Dr Dean Grubbs is a fish ecologist with interests in the biology of exploited and poorly studied estuarine and marine taxa. Much of his research addresses specific gaps in biological knowledge necessary for the management and conservation of coastal and deep-water sharks and rays. Dean specialises in the use of fishery-independent surveys to study population dynamics and the drivers of distribution patterns of fishes and to facilitate studies of life histories, reproductive biology, trophic ecology and systematics. Dean has also tagged and released more than 10,000 sharks representing over 40 species during the past 25 years. He employs a variety of tagging and telemetry techniques to examine movement, migration and patterns of habitat use and to delineate essential and vulnerable habitats for exploited, threatened or poorly studies species.

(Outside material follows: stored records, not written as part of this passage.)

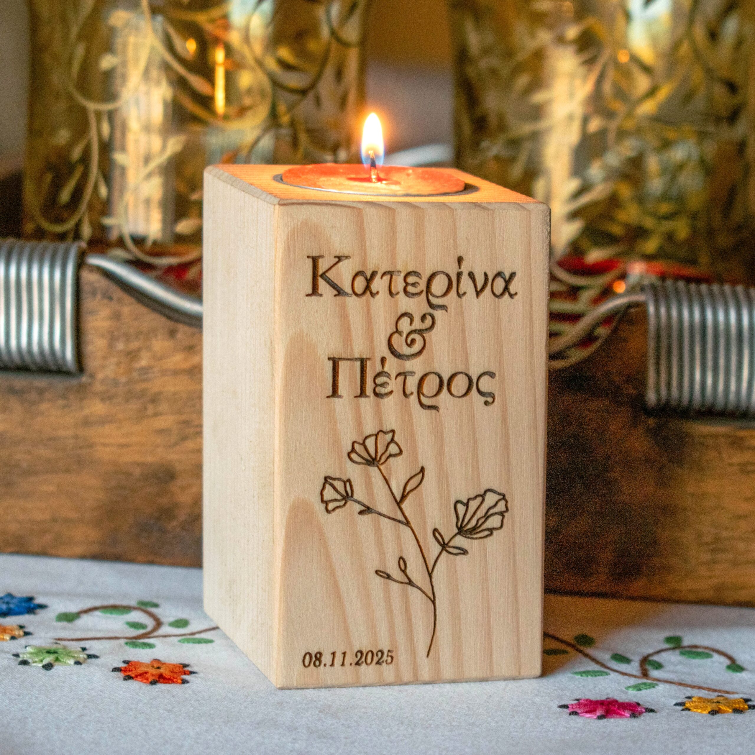 Χειροποίητη από μασίφ πεύκο, αυτή η ξύλινη βάση για κεράκια ρεσό φέρνει τη ζεστασιά του ξύλου και το απαλό φως της φλόγας στο πιο προσωπικό σας μήνυμα — ονόματα, ημερομηνία ή μια μικρή φράση που έχει σημασία.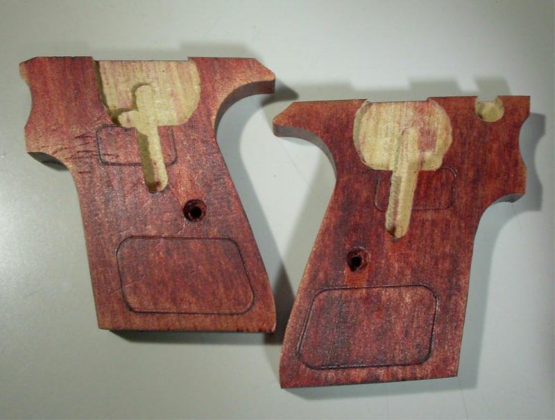 乾燥してからグリップ内の部品のスペースを彫ります。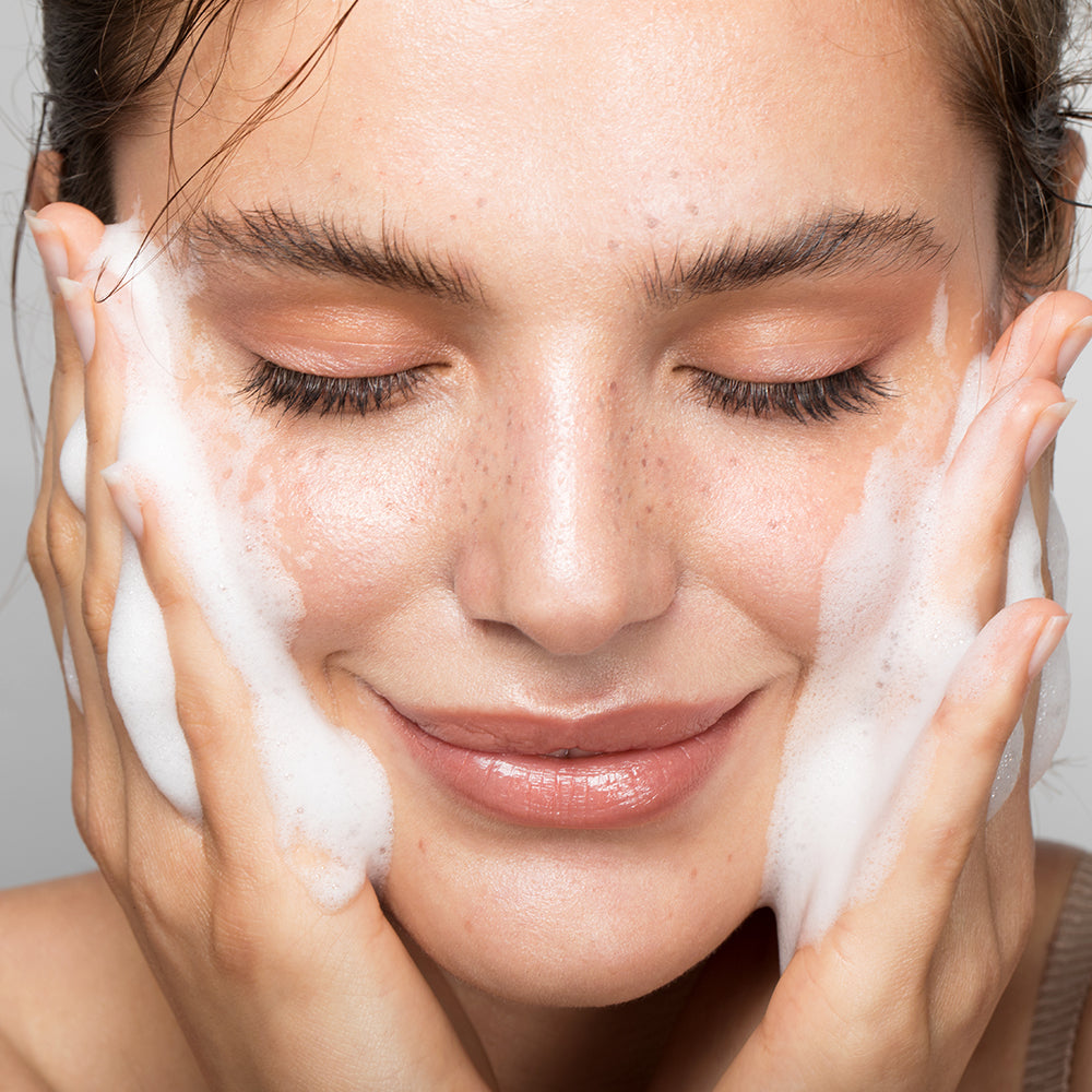 Sanfter hypoallergener Gesichtsreinigungsschaum für empfindliche Hauttypen.

Dean is a native of Florida and his early years spent fishing and exploring the waters of the north-eastern Gulf of Mexico led to an early interest in marine biology. He received Bachelor’s degrees in marine science and biology from the University of Miami and a doctoral degree in Fisheries Science from the College of William & Mary’s Virginia Institute of Marine Science. Dean was a post-doctoral researcher and faculty member at the Hawaii Institute of Marine Biology before moving to Florida State University (FSU) in 2007. He is a member of the IUCN Shark Specialist Group, the National Oceanographic and Atmospheric Administration (NOAA) Office of Protected Resources’ Smalltooth Sawfish Recovery Team and NOAA’s SouthEast Data Assessment and Review Advisory Panel for Highly Migratory Species. Dean is currently the associate director of research at the FSU Coastal and Marine Lab, where he mentors graduate and undergraduate students and maintains an active research programme on the ecology of deep-water and coastal fishes. His research has been featured in many television documentaries, including National Geographic TV, National Geographic Wild, Discovery Channel and the US Public Broadcasting System.

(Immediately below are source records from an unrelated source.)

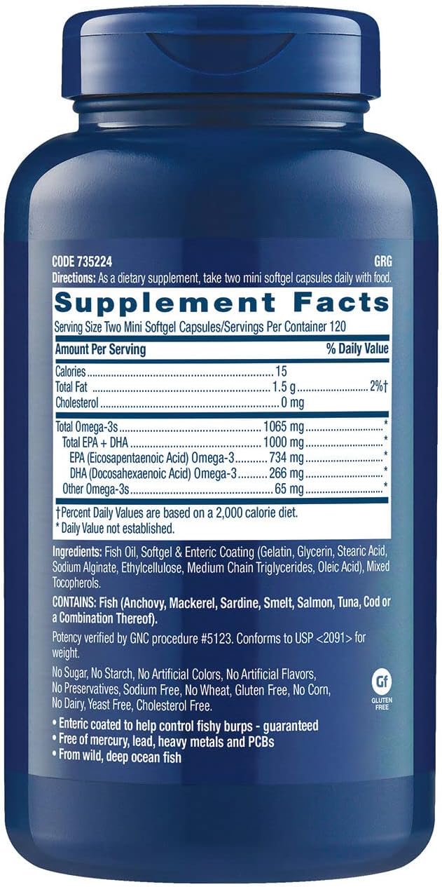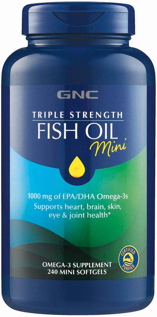 - Help support your heart, brain, skin, eye and joint health with GNC Triple-Strength Fish Oil Mini softgels. This daily dietary supplement offers 1,000mg of EPA/DHA Omega-3s from wild, deep ocean fish, such as salmon, tuna, cod and anchovy.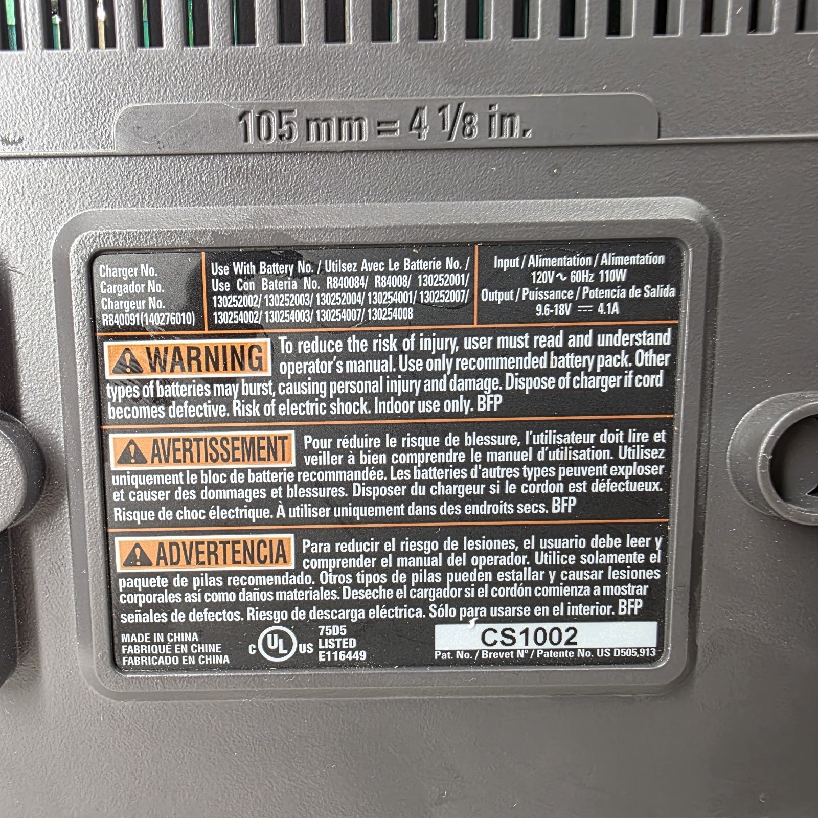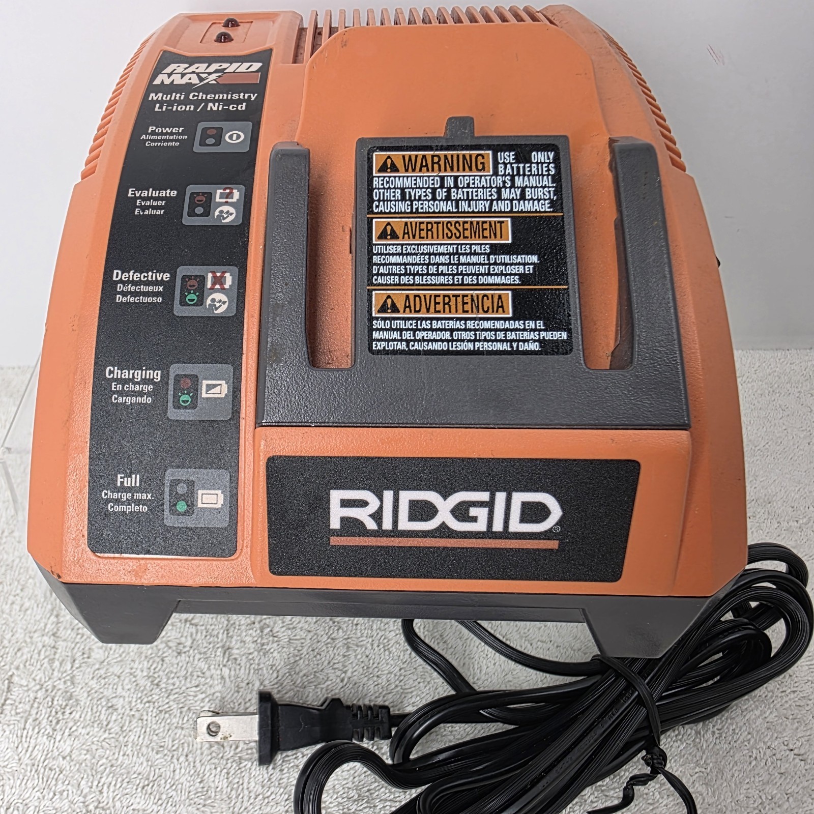 - Ridgid Rapid Max Ni-Cad/Lithium-Ion Battery Charger R840091 9.6 V. 12/14.4 V 18V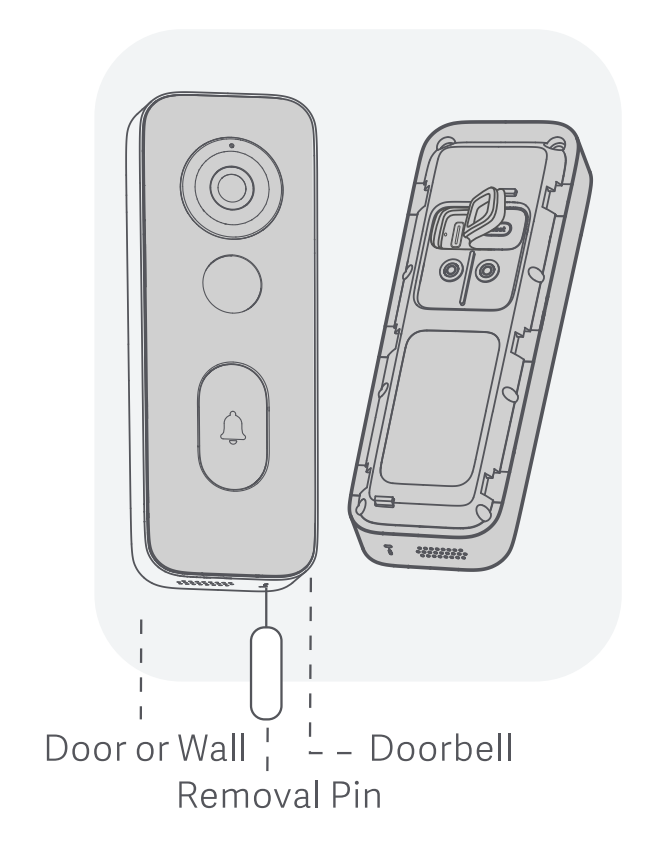 2. 제거 핀을 누르고 초인종을 위로 밀어 베이스에서 초인종을 제거합니다.
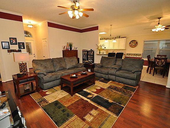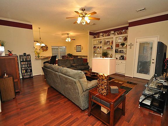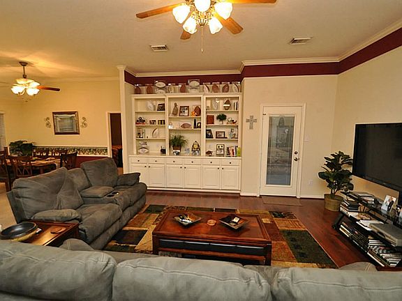 Beautiful Bilmar Home 3/2/2 in the established neighborhood of Santa Fe Trails! Open and split floorplan*16 seer A/C , 10x10 storage shed/workshop*Covered back patio with concrete brick extensions*Kitchen has plenty of cabinet and counter space with convenient breakfast bar*Washer, Dryer and Refrigerator stay*Dark laminate wood floors in the living room*Built-ins*Master bath with his and her closets and sinks*Garden tub and stand up shower w/bench!

Dr Andrew Chin is a fisheries scientist whose work focuses on shark and ray biology and ecology, and how the information from this research can be translated into conservation and sustainability. Specifically, Andrew is interested in how fishes use coastal and marine habitats and how patterns of use affect their vulnerability to pressures such as fishing, habitat loss and climate change. His recent research spans the life history and biology of sharks by means of tagging and acoustic telemetry, as well as risk assessment. As an applied scientist, Andrew is also very interested in how fishes, sharks and rays interact with people and how their populations can be managed, as well as in impacts on their populations.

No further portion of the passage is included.